End Citizens United
- Formation: 2015; 11 years ago
- Headquarters: Washington, D.C.
- President and executive director: Tiffany Muller
- Website: endcitizensunited.org

= End Citizens United =

American political action committee

End Citizens United (ECU) is a political action committee in the United States. The organization works to reverse the U.S. Supreme Court's 2010 decision in Citizens United v. Federal Election Commission, which deregulated limits on independent expenditure group spending for or against specific candidates in elections. It is focused on driving larger campaign donations out of politics, with the goal of electing "campaign-finance reform champions" to Congress by contributing to and raising money for these candidates, as well as running independent expenditures.

==History==
End Citizens United was founded in 2015, operating in its first election cycle during 2016 with more than $25 million in funding.

The organization has endorsed Democratic candidates such as Zephyr Teachout, Hillary Clinton, Russ Feingold, Beto O'Rourke, Elizabeth Warren, and Jon Ossoff. For the 2016 election, it was one of the largest outside groups funding the campaigns of U.S. Senators Maggie Hassan and Catherine Cortez Masto, spending a combined $4.4 million on the races. By mid-2017, End Citizens United had raised more than $7.5 million from grassroots donations, and planned to raise $35 million for the 2018 election cycle.

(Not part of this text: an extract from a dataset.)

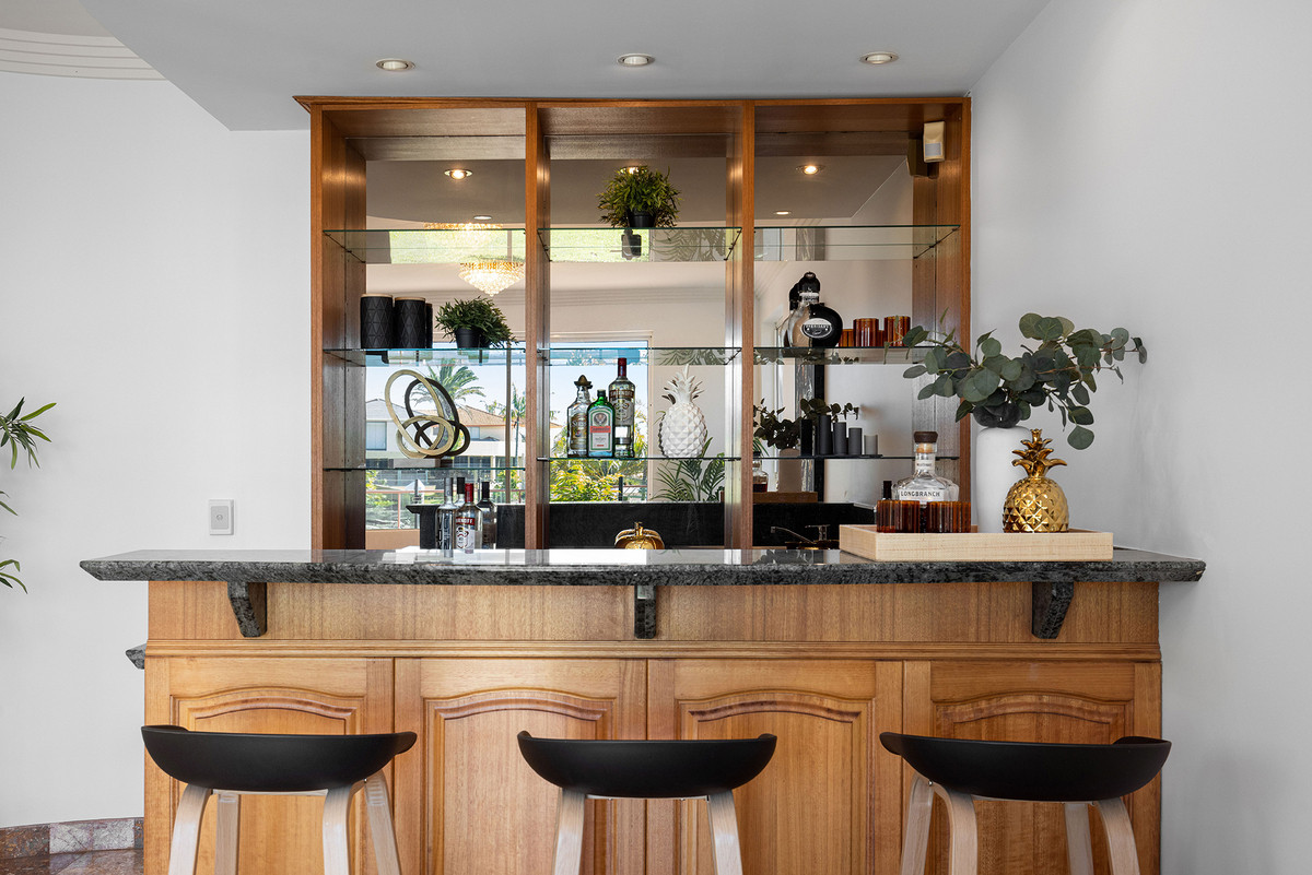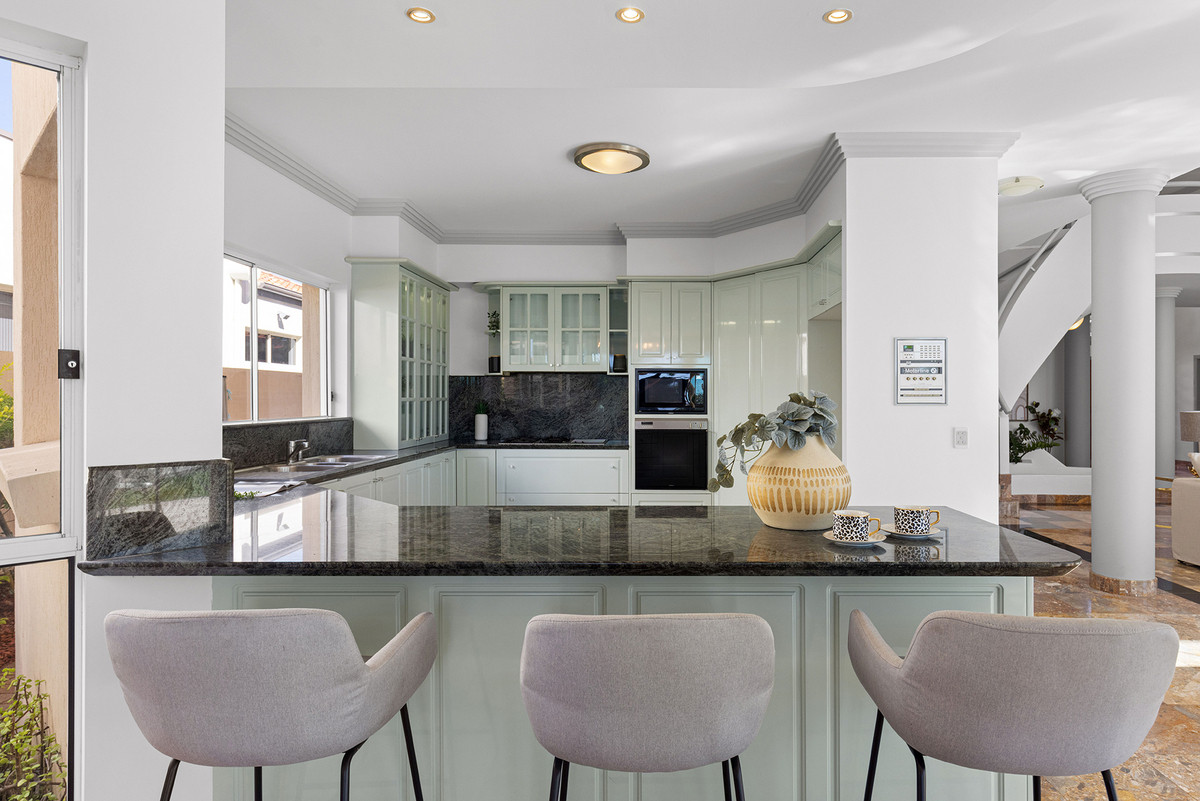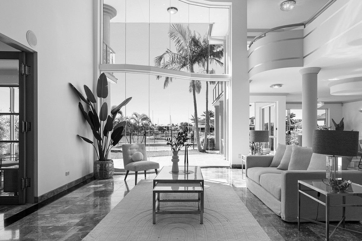 The living spaces within this abode are nothing short of irresistible. Discover an indoor water feature nestled beneath a spiral staircase, while a majestic double-height void showcases a dazzling chandelier. The open-plan living and dining areas flawlessly embrace the breathtaking view and seamlessly extend to an undercover alfresco space, creating an unparalleled setting for hosting unforgettable gatherings. If you relish in grand soirées, prepare to be captivated. Throughout the entire residence, you’ll revel in the extensive use of premium granite, suspended concrete floors, and lofty ceilings that evoke a sense of grandeur.

During the 2018 elections, End Citizens United organized a no corporate PAC pledge, and around 185 Democratic candidates agreed not to take corporate PAC money, including Alexandria Ocasio-Cortez, Cory Booker, and Kamala Harris.

==Criticism==
End Citizens United has received criticism from other campaign reform groups over their aggressive fundraising tactics. In early 2018, an anonymous U.S.-based contractor paid at least 3,800 micro job workers to manipulate search results when people searched for the PAC via Google, to remove a negative HuffPost article from the front page of Google's search results.